Лола вдыхает, выдыхает и вновь возвращается в первоначальное состояние злобной фурии:

– Теперь рассказывай!

Вместо слов, делаю крайне неожиданное для себя тут и немыслимое дома: кладу руки ей на талию, делаю шаг вперёд (оказываясь к ней вплотную) и утыкаюсь лбом ей в плечо, поскольку она чуть выше ростом.

– Говори, – требует она, при этом не отстраняясь. – Отец говорит, что звонивший мне полицейский, сто процентов, связан с той четвёркой. И выясняет подоплёку неофициально, категорически стараясь не привлекать внимания. Знаешь, что это значит?

– Понятия не имею, – говорю чистую правду, поскольку от хитросплетений и местной полиции, и местных уголовников я крайне далёк.

– Это значит, что тебя устанавливают. И рано или поздно установят. Хоть и сопоставив трассировку комма с твоим проходом под городскими камерами. Дальше отсортируют, выберут повторяющиеся лица и, рано или поздно…
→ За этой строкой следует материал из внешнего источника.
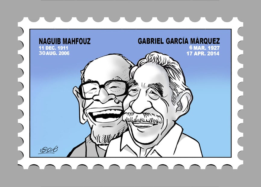 ويضم المعرض مجموعة متميزة من البورتريهات الكاريكاتيرية التي تجمع نجيب محفوظ مع نخبة من كبار رموز الأدب العالمي، في حوار بصري يعكس القيم الإنسانية المشتركة بين الثقافات المختلفة.
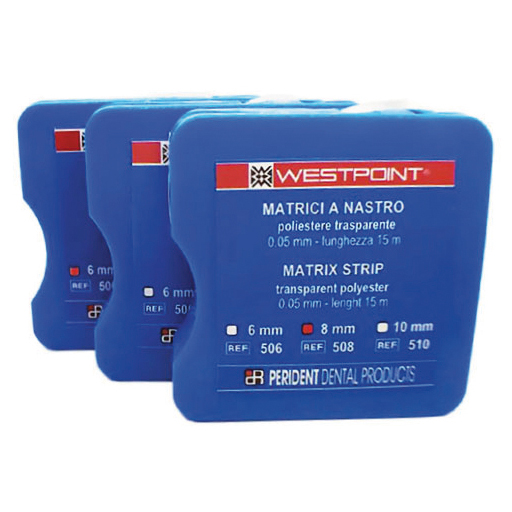 Matrice a nastro trasparente 8 X 0,05mm lunghezza 15 mt. 508 WestpointMatrici a nastro in poliestere trasparente 0,08 mm permeabili alla fotopolimerizzazione
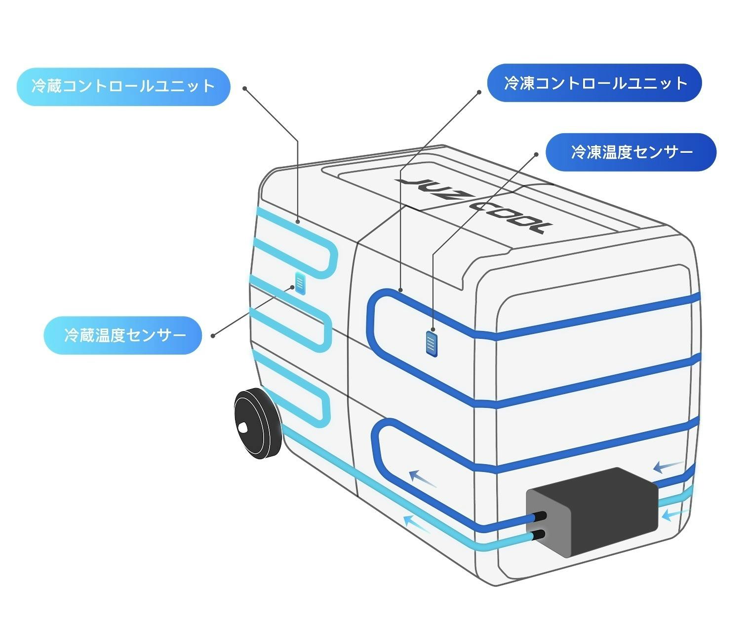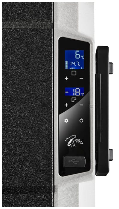 JUZCOOLは、専用のリードスイッチ設計によりパーティションを検出し、庫内が2槽に分かれていることを判別して、対応する冷媒パイプのバルブを開き、高速で効率のよい冷却を実現しています。高速に冷凍する食材と、冷蔵して新鮮な状態に保つ食材とをわけて収納し、それぞれのゾーンを個別に温度制御できるので、JUZCOOLが1台あれば、長い距離を移動した後でもいつでも最適に保冷された新鮮な食材が提供できます。
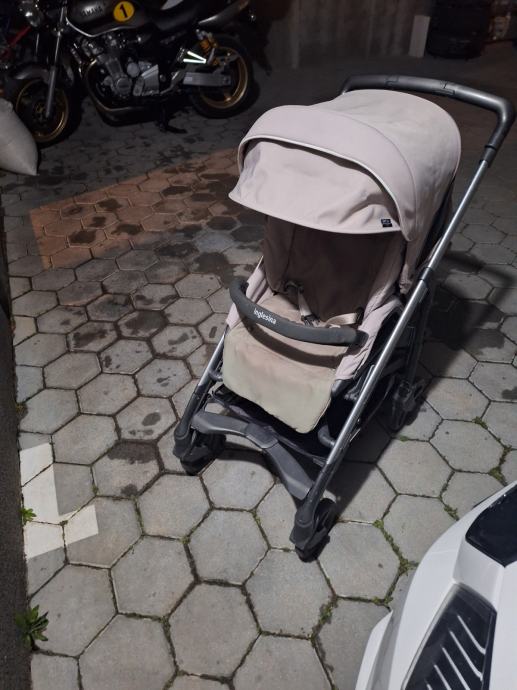 Oprana su i spremna za novu bebu. Kolica su lagana, sklapaju se i rasklapaju jednom rukom - kišobran sklapanje, s tim da se u kišobran mogu sklopiti cijela(kontrukcija i sjedalo) pa su besplatna za puItovanje avionom. Jaje(korištena samo jednom), košara( skoro i ne korištena) i sportsko sjedalo mogu biti okrenuti u oba smjera. Sigurnosni pojas na sportskom sjedalu je s uporištem u 5 točaka i jastučićima za ramena. Plus postolje original inglesina za jaje i košaru. Apsolutno praktična i za manja auta i gepeke.
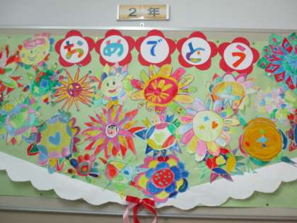 6年生の卒業をお祝いして、各学年「卒業おめでとう」掲示板を作りました。
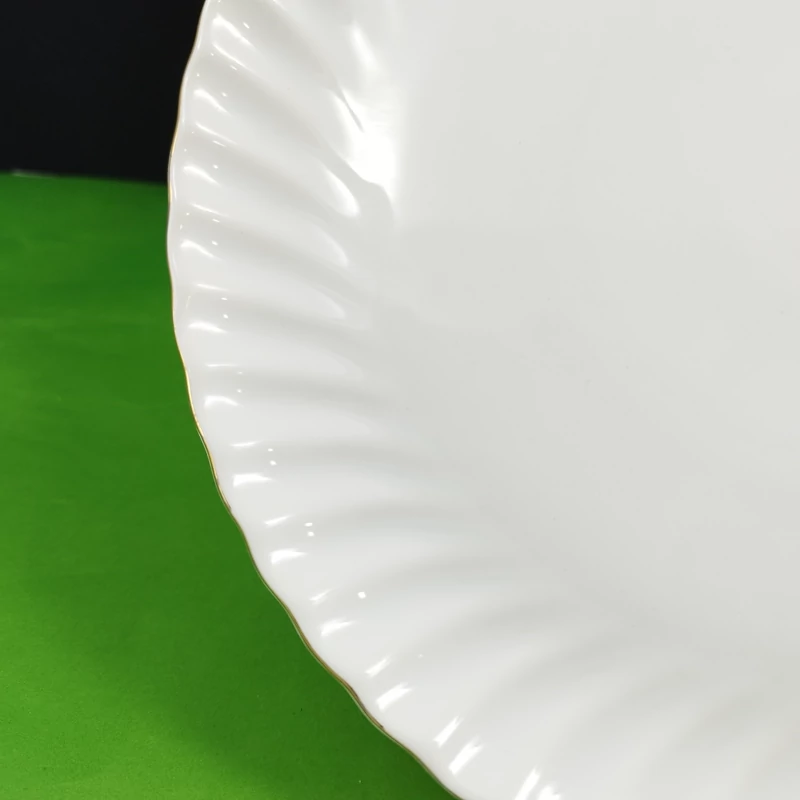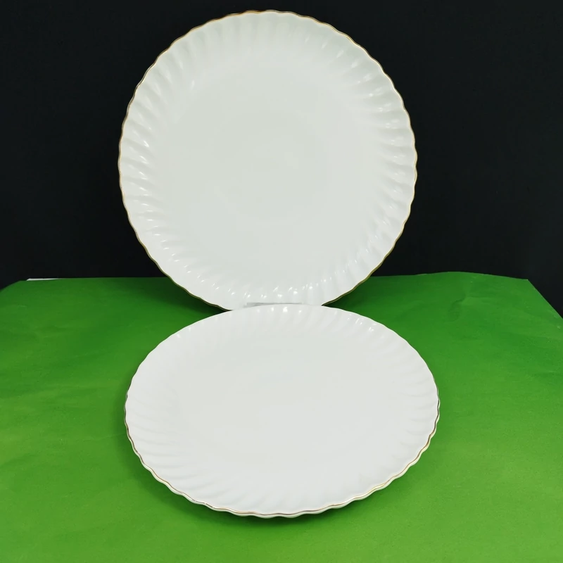 دیس گرد لب طلا سرامیکی مدل از جذاب ترین وسیله هایی است که در میهمانی می توانید به عنوان ظرف پذیرایی استفاده کنید. این محصول از جنس و با لعابی سفید رنگ پوشیده است. شما می توانید از این تابه رابرای سرو غذا استفاده کنید.
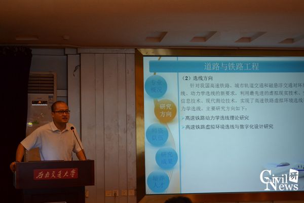 道路与铁道工程系杨荣山副教授介绍了轨道、选线、路基方向的的突出成果以及近年来研究生招生情况和就业情况;地下与隧道工程系副主任晏启祥教授对学科现状,研究方向及近几年的科研业绩和学术成果展开介绍;桥梁工程系主任李永乐教授简要介绍了色情av影片
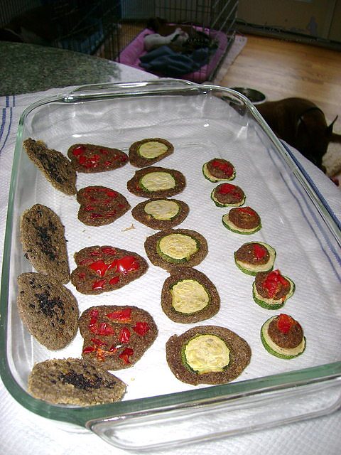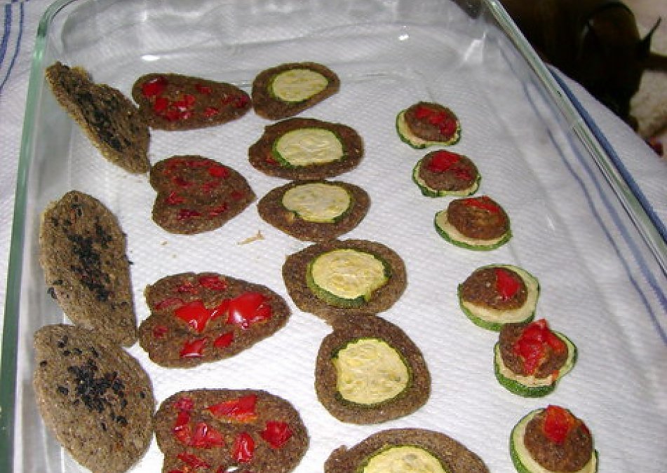 I tried some of these this morning and the crackers were almost done after about 14 hours. The other ones (Zucchini on bottom) were a lot softer and could be eaten like “sausage” – warm in the morning.
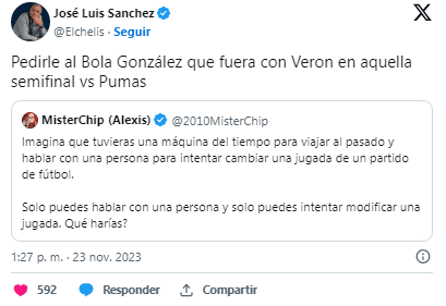 Han pasado 14 años desde aquel dulce momento que no solo nosotros recordamos como si fuera ayer, el propio Chelis aún tiene la espina clavada, pues el ahora analista de ESPN entró a la dinámica de “X” en dónde MisterChip pregunta a sus seguidores que harían si tuvieran una máquina del tiempo y pudieran hablar con un jugador para cambiar una jugada de un partido, a lo que el ex técnico del Puebla comentó lo siguiente:
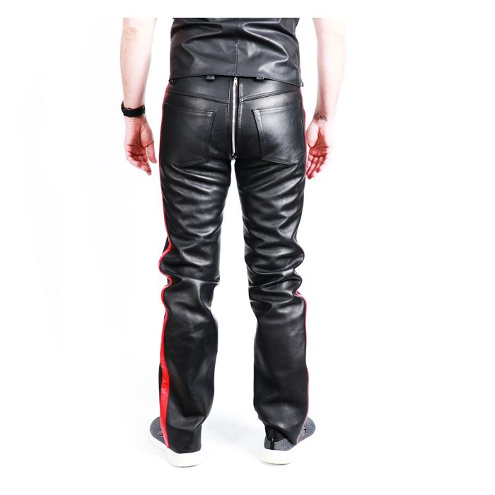 MisterMitch Leren Jeans met Rits - Zwart - Rood

– Ничего себе, – присвистываю от удивления.

На такой поворот событий я не рассчитывал. Более того: будучи далёким от полицейского дела, даже не предполагал, что в огромном городе одного (никому не известного) человека можно найти так легко.

– А что, у вас у бандитов есть допуск к камерам и трассировке коммов по базовым станциям? – говорю, чтоб хоть что-то сказать.

– У полиции есть, – отрезает Лола. – А тот тип, что звонил, по должности такой допуск имеет. Там просто на несколько часов работы, нудной и рутинной. Это если он выясняет насчёт тебя неофициально, и внимания не хочет привлекать. Так отец пояснил. Вот жди теперь, когда эти несколько часов у него найдутся и наступят…

– Спасибо, что предупредила, – говорю серьёзно. – Это было для меня очень важно. Я знаю, что делать, но не могу об этом тебе сейчас сказать вслух.

– И я знаю, что ты будешь делать! Чтоб сегодня был у нас, как и договаривались! Бабуля отцу, естественно, рассказала о тебе, – мстительно сообщает Лола. – И о том, что комм у тебя. И о том, что ты у нас сегодня ужинаешь. Отец прилетит на ужин, так что… – она победоносно смотрит на меня.

А я впервые в жизни не знаю, что сказать.

– Хоть ужин отменяй, – спокойно комментирую услышанное, когда успокаиваюсь через минуту.

В течение которой мы так и стоим, уткнувшись друг в друга.

– У меня счёт к вашему МВД. Я рассказывал.

– Я помню, – шумно втягивает воздух носом Лола. – Потому тогда и не стала тебе говорить, где отец с матерью работают. Отец из другого города летит, служебный коптер. Только попробуй не прийти.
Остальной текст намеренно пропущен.